== Segment start ==

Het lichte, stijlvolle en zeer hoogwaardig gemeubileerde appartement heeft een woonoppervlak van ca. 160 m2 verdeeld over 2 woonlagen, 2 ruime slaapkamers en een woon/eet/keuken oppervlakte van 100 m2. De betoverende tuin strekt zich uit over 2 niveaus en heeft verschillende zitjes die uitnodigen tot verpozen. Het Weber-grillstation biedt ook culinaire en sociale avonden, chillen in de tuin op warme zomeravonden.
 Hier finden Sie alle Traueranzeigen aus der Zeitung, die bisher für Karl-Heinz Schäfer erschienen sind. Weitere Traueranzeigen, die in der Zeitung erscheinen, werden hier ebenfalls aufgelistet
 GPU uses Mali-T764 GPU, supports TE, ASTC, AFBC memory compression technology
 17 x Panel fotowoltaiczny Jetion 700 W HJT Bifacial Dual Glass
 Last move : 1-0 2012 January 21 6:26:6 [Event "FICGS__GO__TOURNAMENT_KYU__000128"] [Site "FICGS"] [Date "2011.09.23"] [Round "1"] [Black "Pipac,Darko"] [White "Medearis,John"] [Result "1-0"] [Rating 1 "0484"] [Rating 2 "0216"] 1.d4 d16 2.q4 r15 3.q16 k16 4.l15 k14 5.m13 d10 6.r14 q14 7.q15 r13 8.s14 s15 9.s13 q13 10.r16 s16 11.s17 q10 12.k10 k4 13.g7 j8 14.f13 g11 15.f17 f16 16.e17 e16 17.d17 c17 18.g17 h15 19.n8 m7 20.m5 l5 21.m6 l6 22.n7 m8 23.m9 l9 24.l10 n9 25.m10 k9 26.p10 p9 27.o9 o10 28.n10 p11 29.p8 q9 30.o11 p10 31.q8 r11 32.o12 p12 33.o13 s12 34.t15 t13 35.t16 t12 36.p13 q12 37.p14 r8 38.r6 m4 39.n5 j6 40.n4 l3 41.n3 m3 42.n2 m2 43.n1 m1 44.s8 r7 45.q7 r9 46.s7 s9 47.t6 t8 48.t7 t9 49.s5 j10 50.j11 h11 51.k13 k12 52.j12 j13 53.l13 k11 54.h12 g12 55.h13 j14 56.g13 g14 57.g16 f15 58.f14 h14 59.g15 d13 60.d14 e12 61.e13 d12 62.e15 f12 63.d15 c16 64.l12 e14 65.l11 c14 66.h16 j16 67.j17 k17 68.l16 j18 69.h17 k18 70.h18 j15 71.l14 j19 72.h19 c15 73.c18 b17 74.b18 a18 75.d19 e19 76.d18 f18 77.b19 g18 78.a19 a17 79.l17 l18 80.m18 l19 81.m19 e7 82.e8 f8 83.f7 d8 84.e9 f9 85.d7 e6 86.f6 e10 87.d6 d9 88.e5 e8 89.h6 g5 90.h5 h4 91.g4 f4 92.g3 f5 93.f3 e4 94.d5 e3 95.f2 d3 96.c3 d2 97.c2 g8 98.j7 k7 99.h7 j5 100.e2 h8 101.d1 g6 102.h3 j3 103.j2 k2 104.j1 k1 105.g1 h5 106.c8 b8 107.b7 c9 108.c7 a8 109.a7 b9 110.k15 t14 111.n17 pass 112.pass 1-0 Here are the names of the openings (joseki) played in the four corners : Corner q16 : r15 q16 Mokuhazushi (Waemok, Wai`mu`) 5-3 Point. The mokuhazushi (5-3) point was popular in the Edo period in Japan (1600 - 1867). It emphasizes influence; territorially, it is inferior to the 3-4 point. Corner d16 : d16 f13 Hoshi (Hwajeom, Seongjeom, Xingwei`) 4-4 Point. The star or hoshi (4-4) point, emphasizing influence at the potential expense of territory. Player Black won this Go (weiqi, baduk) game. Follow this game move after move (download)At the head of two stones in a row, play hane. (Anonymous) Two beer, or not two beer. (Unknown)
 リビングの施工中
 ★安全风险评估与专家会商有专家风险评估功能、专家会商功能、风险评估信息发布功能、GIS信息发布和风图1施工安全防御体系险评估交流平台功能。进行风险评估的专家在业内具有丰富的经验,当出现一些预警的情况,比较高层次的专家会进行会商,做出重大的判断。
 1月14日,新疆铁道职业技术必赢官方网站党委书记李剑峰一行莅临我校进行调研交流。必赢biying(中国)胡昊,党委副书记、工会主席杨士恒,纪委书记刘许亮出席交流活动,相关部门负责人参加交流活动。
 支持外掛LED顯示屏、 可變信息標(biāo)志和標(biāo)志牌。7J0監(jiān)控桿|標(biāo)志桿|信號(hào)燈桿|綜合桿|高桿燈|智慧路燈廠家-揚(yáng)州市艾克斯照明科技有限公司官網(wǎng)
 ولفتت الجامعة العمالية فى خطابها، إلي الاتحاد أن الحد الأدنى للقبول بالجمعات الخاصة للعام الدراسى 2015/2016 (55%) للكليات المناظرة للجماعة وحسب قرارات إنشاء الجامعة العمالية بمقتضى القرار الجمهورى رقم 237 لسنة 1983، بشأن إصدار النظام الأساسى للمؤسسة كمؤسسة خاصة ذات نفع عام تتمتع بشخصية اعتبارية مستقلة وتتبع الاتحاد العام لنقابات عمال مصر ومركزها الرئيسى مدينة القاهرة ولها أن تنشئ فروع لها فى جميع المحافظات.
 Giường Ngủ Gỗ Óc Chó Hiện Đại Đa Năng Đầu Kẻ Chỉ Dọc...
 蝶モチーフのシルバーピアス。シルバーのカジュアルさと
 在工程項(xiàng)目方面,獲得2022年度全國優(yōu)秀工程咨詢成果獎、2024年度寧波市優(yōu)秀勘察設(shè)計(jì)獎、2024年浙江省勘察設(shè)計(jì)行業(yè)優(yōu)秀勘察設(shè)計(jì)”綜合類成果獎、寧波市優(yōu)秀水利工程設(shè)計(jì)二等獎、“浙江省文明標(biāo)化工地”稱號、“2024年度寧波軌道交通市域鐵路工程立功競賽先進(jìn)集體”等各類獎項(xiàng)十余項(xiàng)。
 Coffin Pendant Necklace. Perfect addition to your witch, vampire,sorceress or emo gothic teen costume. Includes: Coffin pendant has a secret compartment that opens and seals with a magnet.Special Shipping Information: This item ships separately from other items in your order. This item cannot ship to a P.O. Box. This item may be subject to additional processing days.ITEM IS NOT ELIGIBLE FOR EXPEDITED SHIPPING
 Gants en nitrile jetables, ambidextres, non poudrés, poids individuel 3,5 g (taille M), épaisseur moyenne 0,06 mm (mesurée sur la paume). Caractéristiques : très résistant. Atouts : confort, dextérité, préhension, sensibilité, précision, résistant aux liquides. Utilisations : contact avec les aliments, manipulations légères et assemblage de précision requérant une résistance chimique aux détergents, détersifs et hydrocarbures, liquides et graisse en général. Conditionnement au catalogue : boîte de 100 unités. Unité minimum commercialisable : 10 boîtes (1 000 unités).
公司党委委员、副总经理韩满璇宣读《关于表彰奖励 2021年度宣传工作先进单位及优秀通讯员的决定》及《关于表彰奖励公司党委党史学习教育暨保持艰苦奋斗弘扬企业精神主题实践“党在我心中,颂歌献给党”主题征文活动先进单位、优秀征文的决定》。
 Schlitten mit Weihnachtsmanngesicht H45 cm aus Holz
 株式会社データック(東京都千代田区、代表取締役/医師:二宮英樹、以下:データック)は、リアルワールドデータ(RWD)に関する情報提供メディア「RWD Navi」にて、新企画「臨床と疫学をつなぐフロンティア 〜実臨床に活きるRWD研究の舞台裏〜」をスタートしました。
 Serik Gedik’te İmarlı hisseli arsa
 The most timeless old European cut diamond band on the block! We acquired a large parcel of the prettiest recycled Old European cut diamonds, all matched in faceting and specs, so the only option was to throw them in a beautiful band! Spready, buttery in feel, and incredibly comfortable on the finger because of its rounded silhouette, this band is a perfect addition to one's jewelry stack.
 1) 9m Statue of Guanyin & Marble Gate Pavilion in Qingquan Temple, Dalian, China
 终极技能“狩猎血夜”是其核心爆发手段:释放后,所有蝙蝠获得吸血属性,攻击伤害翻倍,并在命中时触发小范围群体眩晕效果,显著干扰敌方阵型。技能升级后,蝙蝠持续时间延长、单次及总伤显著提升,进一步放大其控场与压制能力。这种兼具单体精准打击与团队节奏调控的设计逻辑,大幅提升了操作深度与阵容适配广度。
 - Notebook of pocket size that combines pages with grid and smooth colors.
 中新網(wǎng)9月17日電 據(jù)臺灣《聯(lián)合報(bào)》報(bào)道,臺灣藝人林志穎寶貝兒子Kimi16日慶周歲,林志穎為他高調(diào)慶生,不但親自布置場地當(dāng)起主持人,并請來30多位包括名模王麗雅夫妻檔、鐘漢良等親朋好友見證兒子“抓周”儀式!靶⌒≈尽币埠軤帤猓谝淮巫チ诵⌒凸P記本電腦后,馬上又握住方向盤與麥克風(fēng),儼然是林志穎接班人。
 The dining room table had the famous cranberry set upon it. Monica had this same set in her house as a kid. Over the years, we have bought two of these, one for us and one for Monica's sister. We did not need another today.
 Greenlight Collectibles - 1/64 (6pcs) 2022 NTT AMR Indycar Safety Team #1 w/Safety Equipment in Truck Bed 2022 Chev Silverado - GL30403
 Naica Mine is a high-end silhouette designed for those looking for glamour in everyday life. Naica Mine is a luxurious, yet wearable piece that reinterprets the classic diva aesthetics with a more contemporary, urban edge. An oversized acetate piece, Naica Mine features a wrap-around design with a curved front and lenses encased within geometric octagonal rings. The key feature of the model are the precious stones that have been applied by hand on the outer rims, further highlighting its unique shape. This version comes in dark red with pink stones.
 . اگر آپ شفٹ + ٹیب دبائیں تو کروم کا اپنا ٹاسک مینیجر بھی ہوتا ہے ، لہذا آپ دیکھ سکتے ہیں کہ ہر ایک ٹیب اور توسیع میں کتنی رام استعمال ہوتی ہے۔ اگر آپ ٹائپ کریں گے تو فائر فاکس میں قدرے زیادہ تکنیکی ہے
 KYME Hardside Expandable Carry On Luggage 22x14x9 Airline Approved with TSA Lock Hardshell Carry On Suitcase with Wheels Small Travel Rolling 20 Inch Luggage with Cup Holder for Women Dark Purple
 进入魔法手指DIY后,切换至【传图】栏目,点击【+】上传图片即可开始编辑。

== Segment end ==

How to complete this task - Please copy each line of the records above that holds the word "wǎng".

Task solution -
 支持外掛LED顯示屏、 可變信息標(biāo)志和標(biāo)志牌。7J0監(jiān)控桿|標(biāo)志桿|信號(hào)燈桿|綜合桿|高桿燈|智慧路燈廠家-揚(yáng)州市艾克斯照明科技有限公司官網(wǎng)
 中新網(wǎng)9月17日電 據(jù)臺灣《聯(lián)合報(bào)》報(bào)道,臺灣藝人林志穎寶貝兒子Kimi16日慶周歲,林志穎為他高調(diào)慶生,不但親自布置場地當(dāng)起主持人,并請來30多位包括名模王麗雅夫妻檔、鐘漢良等親朋好友見證兒子“抓周”儀式!靶⌒≈尽币埠軤帤猓谝淮巫チ诵⌒凸P記本電腦后,馬上又握住方向盤與麥克風(fēng),儼然是林志穎接班人。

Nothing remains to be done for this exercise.